NASA will launch into space a laser instrument to measure the changes in the heights of earth’s polar ice. NASA’s Ice, Cloud, and land Elevation Satellite-2 or ICESat-2 will measure the average annual elevation change of land ice covering Greenland and Antarctica to within the width of a pencil, capturing 60,000 measurements every second. The mission began back in 2003 and continued in 2009 with NASA’s Operation IceBridge. The NASA advanced laser instrument will reportedly improve upon it.
Michael Freilich, the director of the Earth Science Division in NASA’s Science Mission Directorate said, “The new observational technologies of ICESat-2 – a top recommendation of the scientific community in NASA’s first Earth science decadal survey – will advance our knowledge of how the ice sheets of Greenland and Antarctica contribute to sea level rise.” Its Advanced Topographic Laser Altimeter System (ATLAS) measures height.

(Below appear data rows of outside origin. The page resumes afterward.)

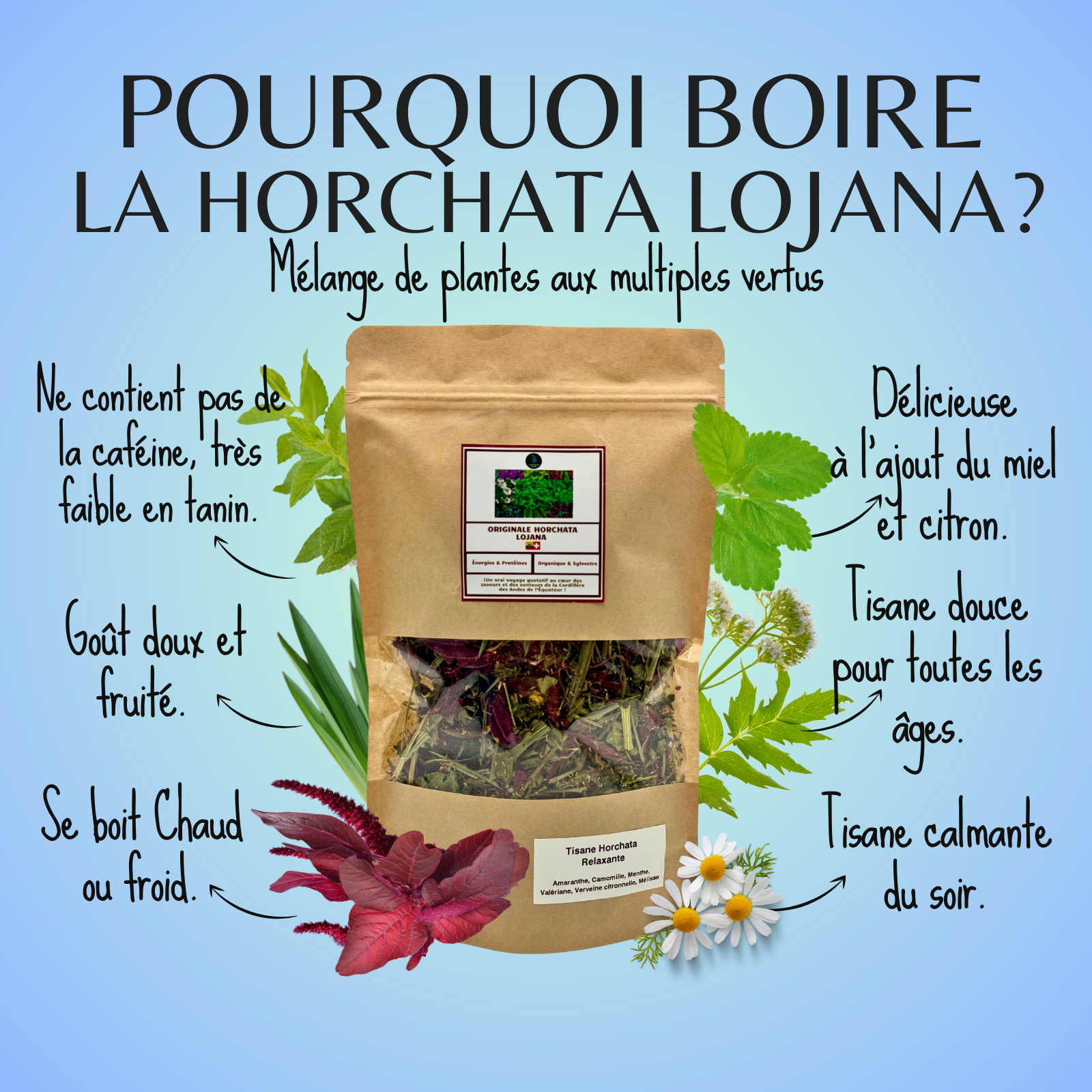Horchata lojana est une boisson équatorienne traditionnelle, à base d’une variété d’herbes et de fleurs, notamment l’amarante, l’escancel ou la feuille de sang, valériane, la verveine citronnée, la citronnelle, la menthe, la camomille, la mélisse, le géranium rose, entre autres.
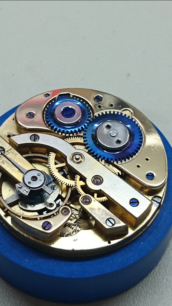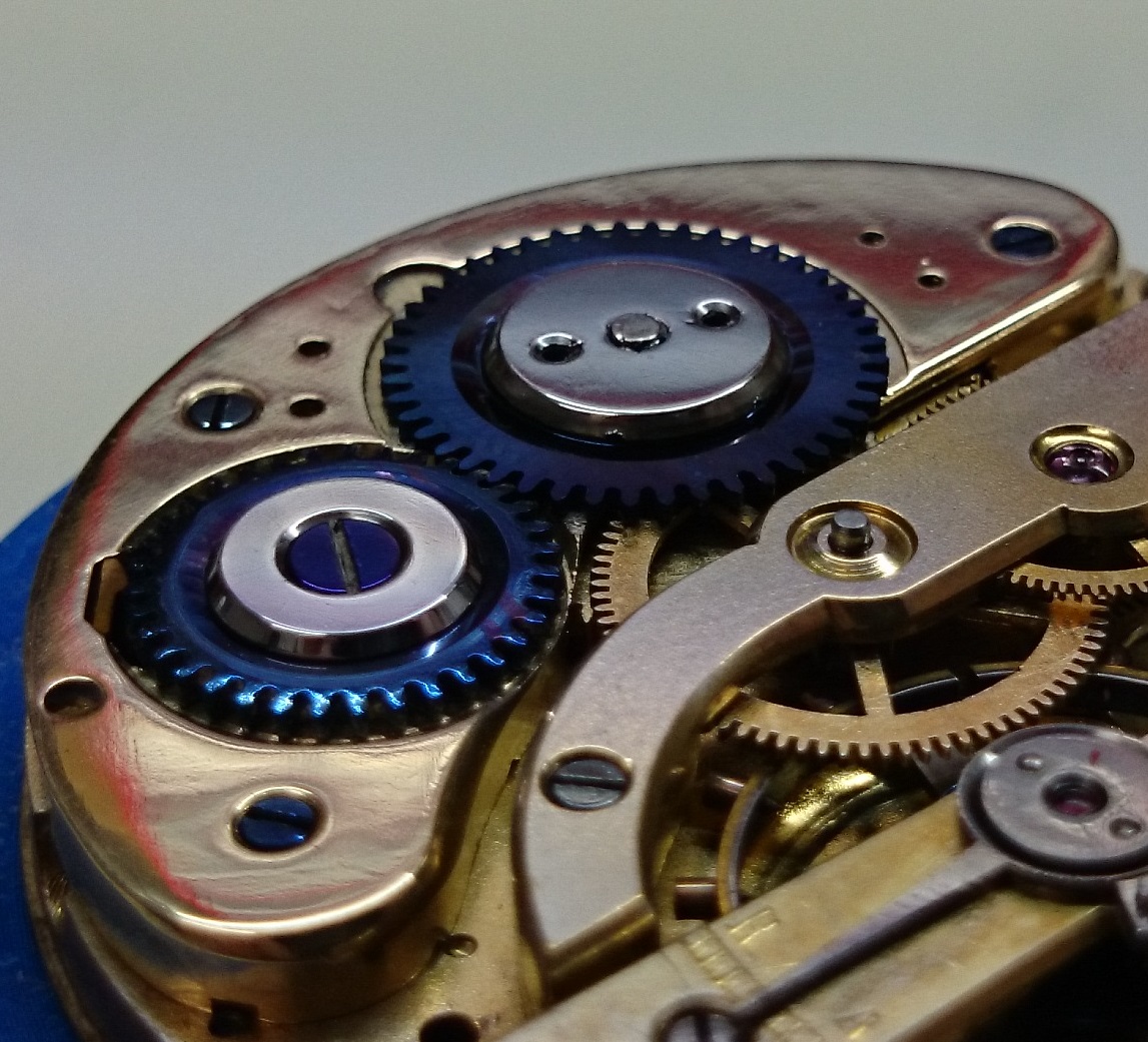 Hier mal kurz das bisherige Ergebnis vom Nass Schleifen und Polieren mit Baumwolle (Das Uhrwerk ist übrigends ein kaputtes von Ebay zum Üben, dort fehlen ein paar Lagersteine und ein paar Zahnräder haben ein paar Zähne zu wenig). Man sieht besonders oben rechts, dass das Metallteil "Dellen" hat. Auch die große Mutter in der Mitte ist nicht makellos. Ich würde das Metallteil gerne so bearbeiten wollen, dass es wie ein Spiegel wirkt.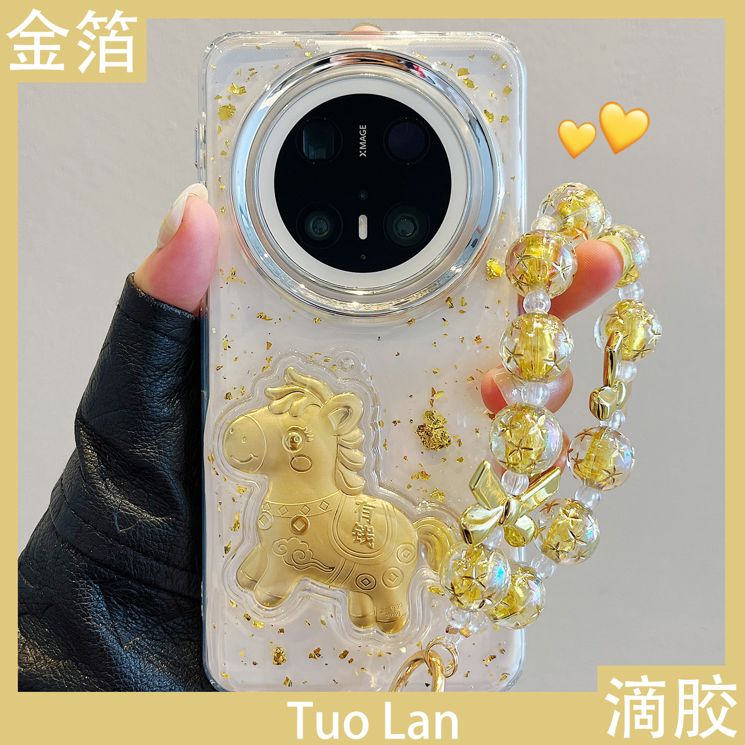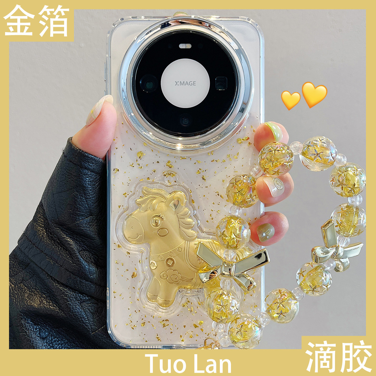 拓岚 适用华为mate70pro+新款手机壳mate60pro滴胶mate80透明金箔金色马上有钱mate80promax新年挂绳情侣男女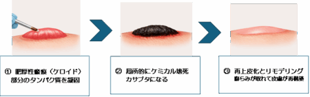 ①肥厚性半(ケロイド)の部分に薬液をつける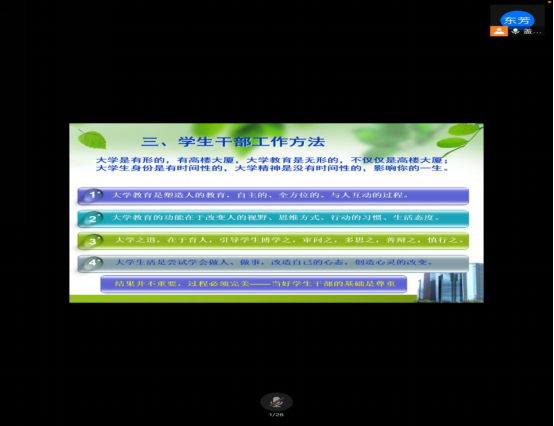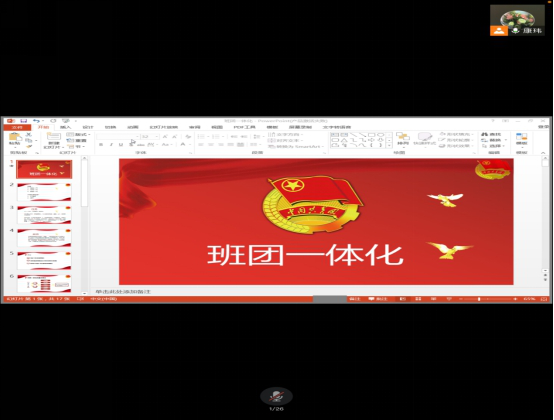 此后,电子信息工程公司康玮老师通过腾讯会议的方式为同学们讲解班团一体化建设理论与实践。康老师主要为大家介绍了班团一体化的基本概念,强调了班团一体化的重要性,展示了班级和团支部建设运行中的主要现状和问题,明确了新形势下的班团一体建设的实施途径。同时,康老师提出了班团关系的新界定,班团目标的一体化设计,班团运行的一体化推进,班团干部的一体化设置和班团管理的一体化统筹。康老师的讲解为我院班团一体化的实践明确了方向,奠定了理论基础。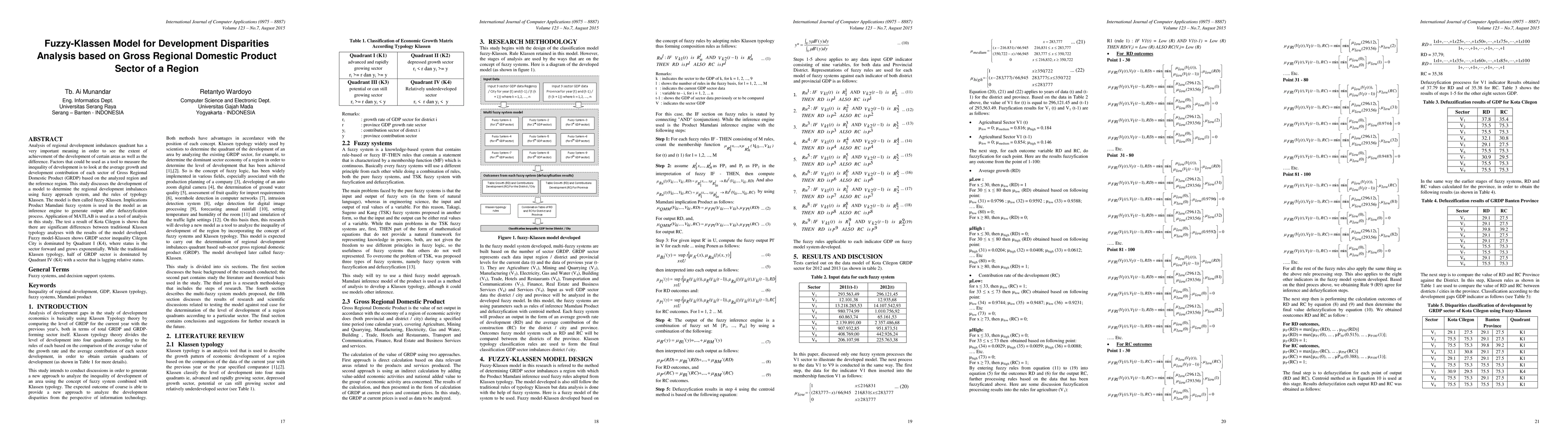 Analysis of regional development imbalances quadrant has a very important meaning in order to see the extent of achievement of the development of certain areas as well as the difference. Factors that could be used as a tool to measure the inequality of development is to look at the average growth and development contribution of each sector of Gross Regional Domestic Product (GRDP) based on the analyzed region and the reference region. This study discusses the development of a model to determine the regional development imbalances using fuzzy approach system, and the rules of typology Klassen. The model is then called fuzzy-Klassen. Implications Product Mamdani fuzzy system is used in the model as an inference engine to generate output after defuzzyfication process. Application of MATLAB is used as a tool of analysis in this study. The test a result of Kota Cilegon is shows that there are significant differences between traditional Klassen typology analyses with the results of the model developed. Fuzzy model-Klassen shows GRDP sector inequality Cilegon City is dominated by Quadrant I (K4), where status is the sector forward and grows exponentially. While the traditional Klassen typology, half of GRDP sector is dominated by Quadrant IV (K4) with a sector that is lagging relative status.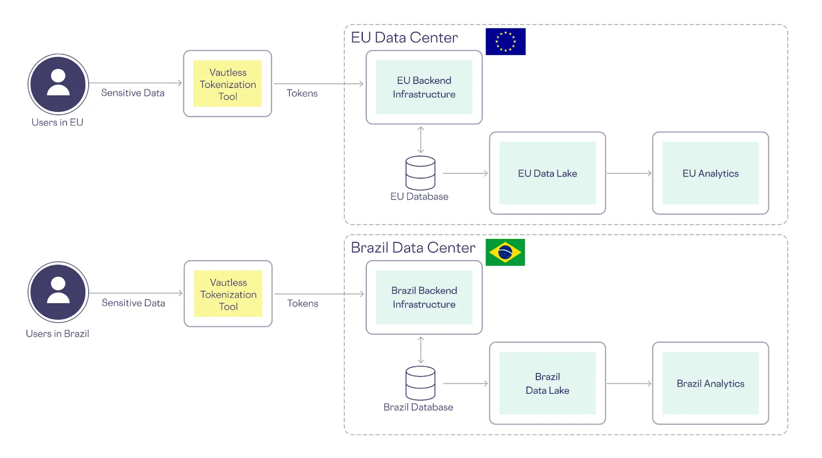 Because vaulted tokens aren’t exploitable, they can be safely stored outside of the EU or Brazil without compromising the personal data of EU or Brazilian residents (which remains safely within those jurisdictions).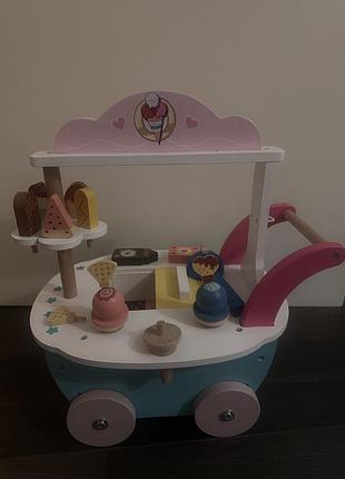 Дерев'яний візок для морозива в ігровій формі стимулює фантазію, творчість і здатність вживатися в різні ролі. Модель оснащена навісом та ручкою для штовхання. Морозильна камера обладнана кришкою, яка знімається. Також у наборі є ложки для морозива. Іграшка виконана з якісної деревини та покрита гіпоалергенними фарбами на водній основі. Від 2 років Матеріал Дерево Габарити та вага Габарити (ДхШхВ) 43.8×42×29.3 см Вага 2.55 кг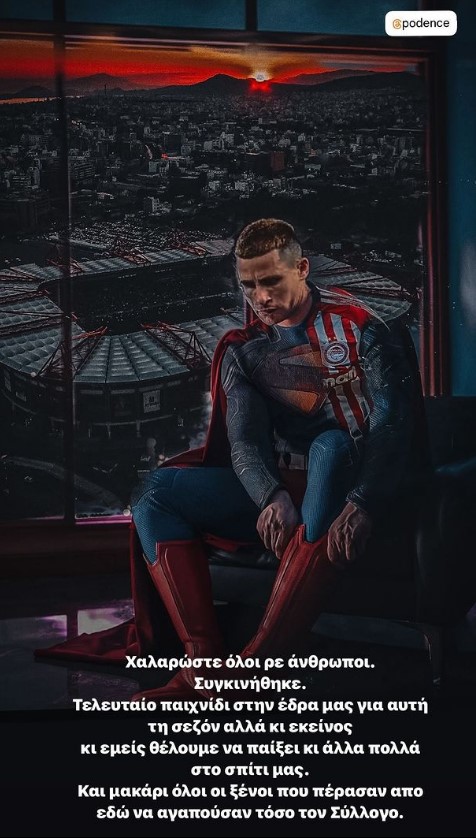 Το πρωί της Πέμπτης, ο Κώστας Καραπαπάς φρόντισε να καθησυχάσει τους οπαδούς του Ολυμπιακού για το μέλλον του Πορτογάλο εξτρέμ στο Λιμάνι: «Χαλαρώστε όλοι ρε άνθρωποι. Συγκινήθηκε. Τελευταίο παιχνίδι στην έδρα μας για αυτή τη σεζόν αλλά και εκείνος και εμείς θέλουμε να παίξει κι άλλα πολλά στο σπίτι μας. Και μακάρι όλοι οι ξένοι που πέρασαν από εδώ να αγαπούσαν τόσο τον σύλλογο», έγραψε ο αντιπρόεδρος του Ολυμπιακού σε στόρι στο Instagram.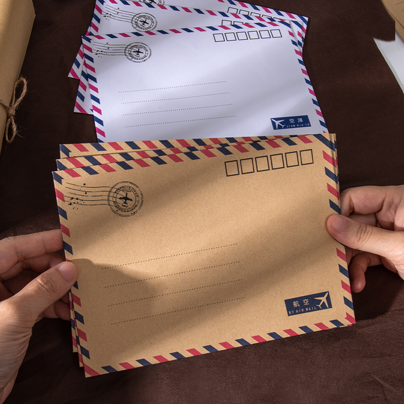 牛皮纸复古欧式航空信封可邮寄加和信纸套装明信片卡片贺卡高级感白色文艺书写儿童可爱5号邮局纸袋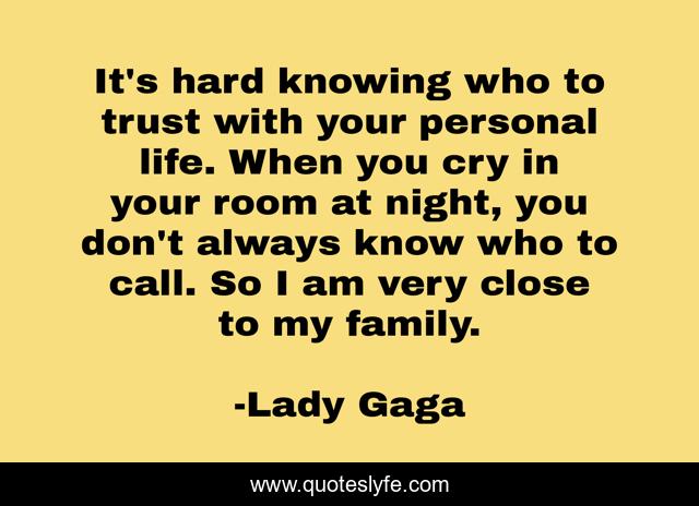 This page presents the quote "It's hard knowing who to trust with your personal life. When you cry in your room at night, you don't always know who to call. So I am very close to my family.". Author of this quote is Lady Gaga. This quote is about life, family,.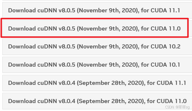直接去官网找cudatoolkit11.0对应的cudnn版本(注意我这里指的是以8.0开头的,大方向不能错):

ATLAS required us to develop new technologies to get the measurements needed by scientists to advance the research. That meant we had to engineer a satellite instrument that not only will collect incredibly precise data, but also will collect more than 250 times as many height measurements as its predecessor. – Doug McLennan, ICESat-2 project manager at NASA’s Goddard Space Flight Center
ATLAS will fire hundreds of trillions of photons to the ground in six beams of green light and ATLAS is expected to measure the elevation with minute precision. With the help of ATLAS, ICESat-2 will get a much more detailed view of the ice surface than ICESat.